Mutual Funds for the Utterly Confused: Low-cost Mediocrity
Because I am a fan of mutual funds, and this blog discusses not only their overall benefit but their shortcomings as well, the attacks on these unique investment tools has me concerned. Stock pickers would have you believe that owning mutual funds is mediocre at best, offering paltry returns as compared to their “actively” traded counterpart the Exchange Traded Fund and the much more actively traded individual stock.
The naysayers suggest that your returns will not be what you expected. And they say this because they understand what you expected? Hardly. Nassim Nicholas Taleb, author of the Black Swan was on CNBC the other day. He explained that key to his wealth was the preservation of it in cash. As a trader, he suggested that his clients also stay in cash, committing two-thirds of their wealth to this investment. He remains a wealthy man because of it but does not shove the notion down anyone’s throat. Unlike the active stock traders, he rests on his record, mediocrity and all. It should be noted, that he keeps the other third of his portfolio invested more actively, the part he is willing to sacrifice to the risk of the unforeseen.
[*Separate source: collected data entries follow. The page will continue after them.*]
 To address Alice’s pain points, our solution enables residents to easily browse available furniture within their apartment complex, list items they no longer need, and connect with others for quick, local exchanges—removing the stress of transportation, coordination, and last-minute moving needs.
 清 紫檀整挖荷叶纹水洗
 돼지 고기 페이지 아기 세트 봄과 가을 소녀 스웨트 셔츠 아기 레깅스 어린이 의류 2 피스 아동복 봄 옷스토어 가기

Many traders would have you avoid mutual funds for the same reasons, offering you a very interesting road to travel. Many would have you bail on funds, which in terms of expenses is still far less than a broker, and buy ETFs (essentially index funds that you can buy and sell - incurring transaction costs at both ends) and while you are it, buy some stocks.
But this is much easier said than done. Individual traders must first learn to control their impulsive natures, which has most investors buying on the way up and selling on the way down, the way they look at returns in terms of taxes-owed, trading costs and whether you beat an index or not, and even more importantly fully understanding and come to grips with the fact that what you are doing as you build your model portfolio, is, in essence, a very expensive and time consuming personal mutual fund with only one investor (no one to be accountable to but yourself).
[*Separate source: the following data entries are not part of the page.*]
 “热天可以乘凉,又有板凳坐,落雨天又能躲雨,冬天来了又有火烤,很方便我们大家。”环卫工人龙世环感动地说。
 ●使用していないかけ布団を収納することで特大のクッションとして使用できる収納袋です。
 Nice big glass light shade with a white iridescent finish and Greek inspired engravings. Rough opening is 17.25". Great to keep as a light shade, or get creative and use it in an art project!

Throwing stones at mutual funds as an investment is easy. Mutual funds have had a rough go of it, as have all investment tools. But as a cornerstone of most retirement portfolios, it is far less expensive and provides greater stability than attempting to beat the markets. After last year, the future of any comparison by anyone, individual investor or fund manager to any index will be suspect.
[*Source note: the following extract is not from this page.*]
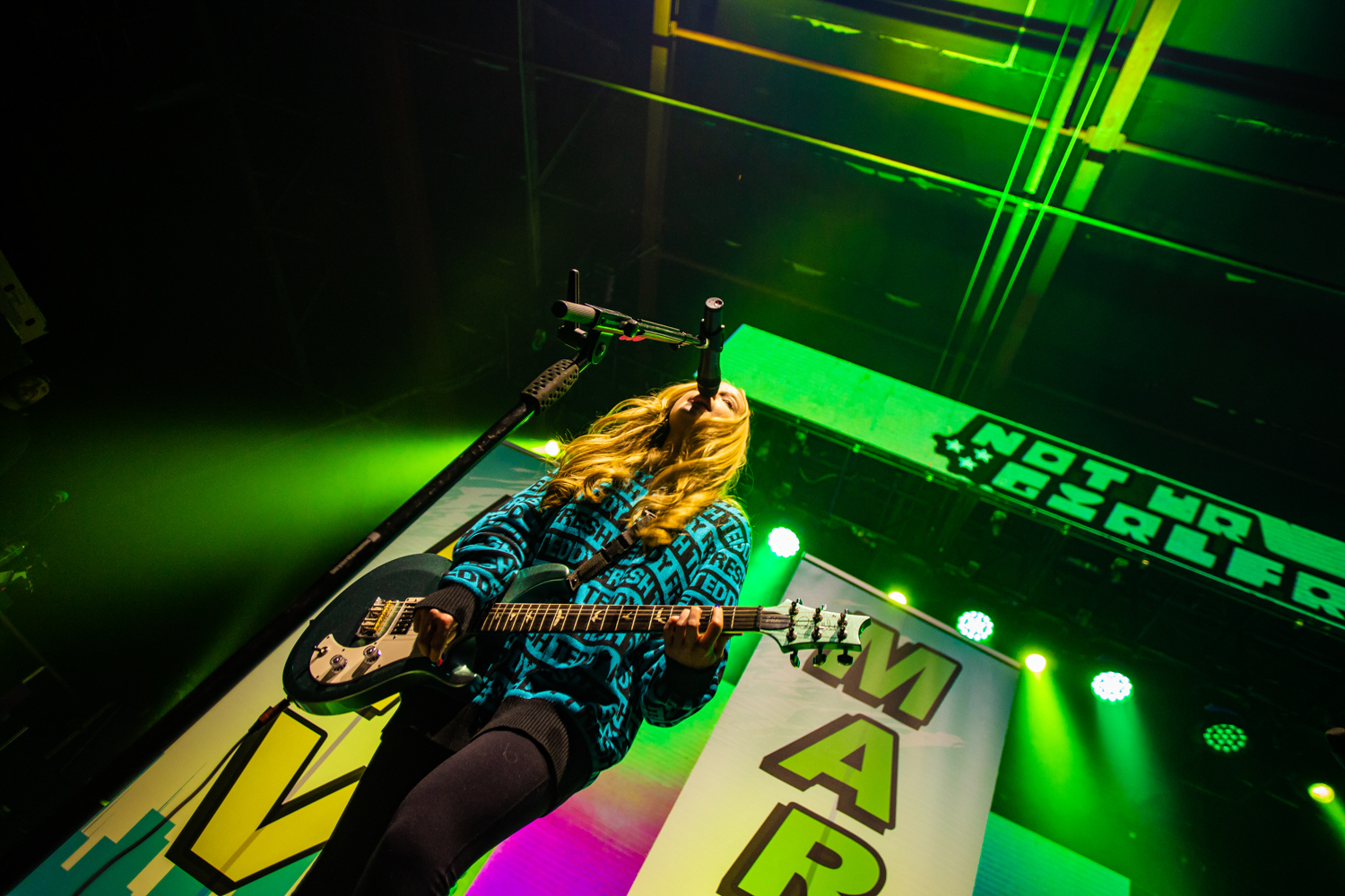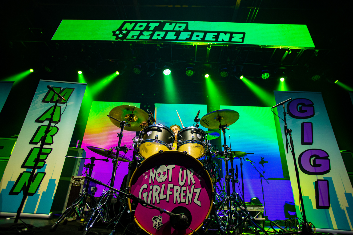 As a towering trio of screen pillars flicker to live, a familiar but different cartoon intro begins to play. Tonight, teenage openers NOT UR GIRLFRENZ are invoking the Powerpuff Girls, as a voiceover jokingly explains the creation of the teenage trio in the same way as the superhero team, before Liv Haynes, Gigi Haynes and Maren Alford themselves appear and launch into the opening notes of power-pop banger Warped. Having already been over to the UK alongside BOWLING FOR SOUP back at the end of 2018, it takes very little time before the girls are settled back in with the already-densely-packed UK crowd, deftly cranking out jokes at almost the same pace as great cuts from their finely-crafted pop-punk arsenal, including at one point a tongue-in-cheek Wonderwall snippet that throws things entirely off course for a few gloriously-silly moments.

Most will point out your returns as the try and persuade you to get out from under the diversification umbrella that funds offer. Yes, you would have done better in cash - the most mediocre of all investments, but you would have beat the market handily had you done that - and had you used 35% of what you had left to invest to “play the markets for more control and the opportunity to make money”, you would still have more or less broken even.
Is mediocre the new wealth? Probably. Will it generate great wealth? Probably not. But it would certainly be almost fee-free, risk-free and worry-free. And that surely has a calculable cost.